Vielleicht täuscht mich die Erinnerung, weil niemand nach einer Operation ein Bonbon lutschen kann. Als aber meine Mutter am schluchzen war und die Ärzte das mit meinem Herzen verstehen wollten, da wollte ich nicht, dass es dem Menschen neben mir zuzumuten sei, ich wollte, es gäbe eine Trennung, zumindest diesen Vorhang, dass er die scheiß Geräusche zwar hört, aber nicht rüberschauen muss, nur auf seine Dose schaut und abwartet und alle Untersuchungen und Beschwichtigungen gegenüber meiner Mutter diskret, abgeschirmt stattfinden.

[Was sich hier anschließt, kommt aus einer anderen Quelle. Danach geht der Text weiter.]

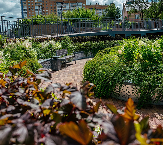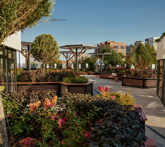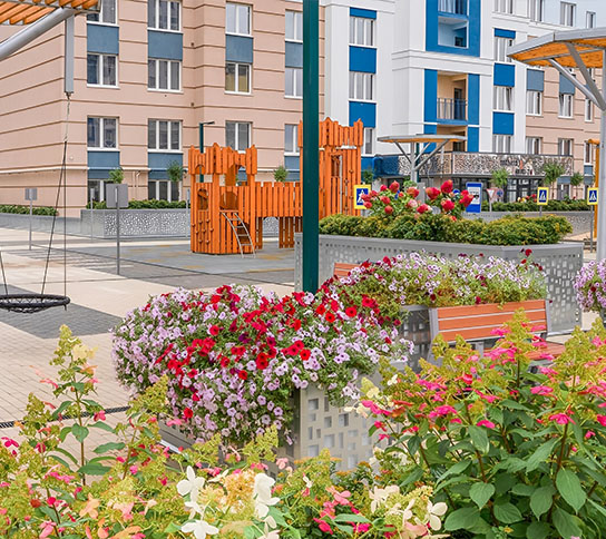 Во всех домах ГК «Зеленый сад – наш дом» предусмотрено премиум-озеленение — настоящий оазис в городе. Идеально для прогулок с малышами: меньше каменных джунглей, больше природы. Для каждого жилого комплекса дизайнеры разрабатывают уникальный ландшафтный проект.

Wir sind also getrennt von diesem Tuch, es scheint mir nur so hauchdünn wie die Auflage auf den Krankenliegen, die immer ausgetauscht werden. Vielleicht, weil die Abtrennung so provisorisch, zunächst angedacht ist, aber sie bewegt sich leicht, wann immer Pfleger kommen und gehen oder wenn das Fenster auf Kipp ist und bald geht mein Blick durch die Lücken, die entstehen, weil das Tuch in Streifen zwischen uns hängt.
Ich sehe dich und verstumme. Ich erkenne dich, wo ich dachte, vielleicht könne ich dich nicht erkennen, weil es so lange her ist. Aber in einer festen Gewissheit bist du es, sind wir nebeneinander gelandet. Ich versuche mich anzustrengen, versuche darüber nachzudenken, ob es nicht so wäre, eigentlich, dass man nach Geschlechtern getrennt in einem Krankenzimmer liegt, so wirklich kann ich aber nicht zuordnen, in welcher Art von Zimmer oder Einrichtung wir sind. Vielleicht gibt es andere Regelungen in Notfällen, Hospizen oder Krankenhäuser anderer Länder, es spielt auch alles keine Rolle mehr, weil ich abwartend bin und es keine Anstrengung braucht, das zu verstehen, jetzt sind nur diese Tücher und das hinüberspähen da. Wir fangen kein Gespräch an, aber ich glaube, es bewegen sich stumm die Lippen, auch der Blick wandert und mir ist, als wandere ich mit, als würden sich bewusstlos die Wege in mir ablaufen, in einer ähnlichen Bewegung wie sich dein Augapfel von links nach rechts dreht. Ich bemerke es als Erste, dass wir hier gemeinsam sind, da legt sich dein Kopf nach rechts, du bist zu meiner Linken und wir sehen uns an. Ich glaube, es ist vor allem Müdigkeit, aber auch ruhiges Erkennen. Es ist stumm und weich.